If it's costumes you want, the Austin Crowne Plaza Hotel is hosting the annual Clockwork Con 2012. This weekend-long convention for Steampunk enthusiasts will feature all the mind-bending elements that make this aesthetically conflicted sub-genre such a draw to sci-fi enthusiasts. Panel presentations will be held on Steampunk costuming, gaming, live action role playing, literature, music and performance. Amazing costumes, mimes, magicians and burlesque dancers will make this weekend unforgettable, no matter with which era you identify.
Also this weekend, the Alamo Drafthouse is showing a film that has risen above all the others at their genre-specific horror/sci-fi/action festival, Fantastic Fest. The foreign film, Bullhead, tells the story of a steroid-infused cattle farmer running from his past. Drafthouse CEO Tim League loved it so much, he bought the distributing rights to it, and now the film has been announced on the short list for the 2012 Best Foreign Film Academy Awards. To celebrate, the Alamo is giving Austin audiences two chances to see the breakthrough film this weekend at their South Lamar location.
For a mixed-up brand of genre obsession, check out the National Theatre of Scotland's production of Long Gone Lonesome at Bass Concert Hall. This is a musical tale of Thomas Fraser, a Scotsman who fell in love with country music and followed his dreams to Nashville and beyond. Playwright Duncan McLean tells the story of Fraser while The Lone Star Swing Band plays the melody. These are the same folks who brought us the utterly unbelievable show Black Watch last year, so you know they're going to treat their subject with respect and dignity.
Friday night at the 29th Street Ballroom, HONK!TX is holding a joyous and LOUD fundraiser in preparation for the HONK!TX Festival held later this year. The Minor Mishap Marching Band and the Dead Music Capital Band fill the night air with their big band sounds, and you seriously will not be able to resist the urge to smile or dance. Others have tried to resist the temptation, but they always succumb to the power of the picolos.
Then on Saturday night, the 29th Street Ballroom invites classical music virtuosos Graham Reynolds and Peter Stopschinski, better known as the Golden Hornet Project, to present their first major collaboration, a collection of classical arrangements of the Russian Masters. If you don't already know the names of these two hard-core enthusiasts of 20th Century Russian composers, you will quickly learn why everyone in town hails them as geniuses.
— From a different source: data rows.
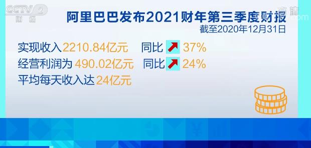 阿里巴巴集团此前发布2021财年第三季度,也就是2020年第四季度的财报显示,截至2020年12月31日,该季度阿里巴巴实现收入2210.84亿元,同比增长37%;经营利润为490.02亿元,同比增长24%。这意味着,在此季度里,阿里巴巴平均每天收入达24亿元。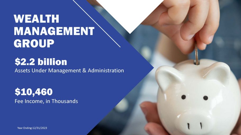 WEALTH MANAGEMENT GROUP $2.2 billion Assets Under Management & Administration $10,460 Fee Income, in Thousands Year Ending:12/31/2023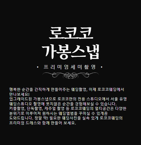 © 2024 로코코웨딩 • 사업자등록번호 892-86-00363 • 대표 최종일 • 인천시 남동구 구월남로 117 가주프라자 6층 • TEL +82 32.713.7988 Copyright ⓒ 로코코웨딩 All Rights Reserved.

On a stage normally reserved for hard rock, an ensemble of trained musicians will show you that classical pieces, like Prokofiev's Visions Fugitives, can rock out even harder.
Finally, comedian Lashonda Lester is putting on a show at Salvage Vanguard on Sunday evening unlike anything you've seen in Austin. Weird True Hollywood Tales is a biographical comedy show dedicated to the celebrities that left us too young and often in strange circumstances. This month, WTHT focuses in on the lives and deaths of rappers like Tupac Shakur and Notorious B.I.G. "Thug Heaven" will expound on the immensity of the East Coast-West Coast rap battle and the conspiracy theories behind these rapper's deaths. Lester is a hilarious Funniest Person in Austin finalist, so you know her take on these stories will incredible.
So what do we have there: mountain gorillas, steampunks, thriller films, Scottish cowboys, marching bands, Russian composers and gangsta rappers? Yep, sounds like another great weekend in Austin. Hopefully there's something that fits in with your own particular brand of weird.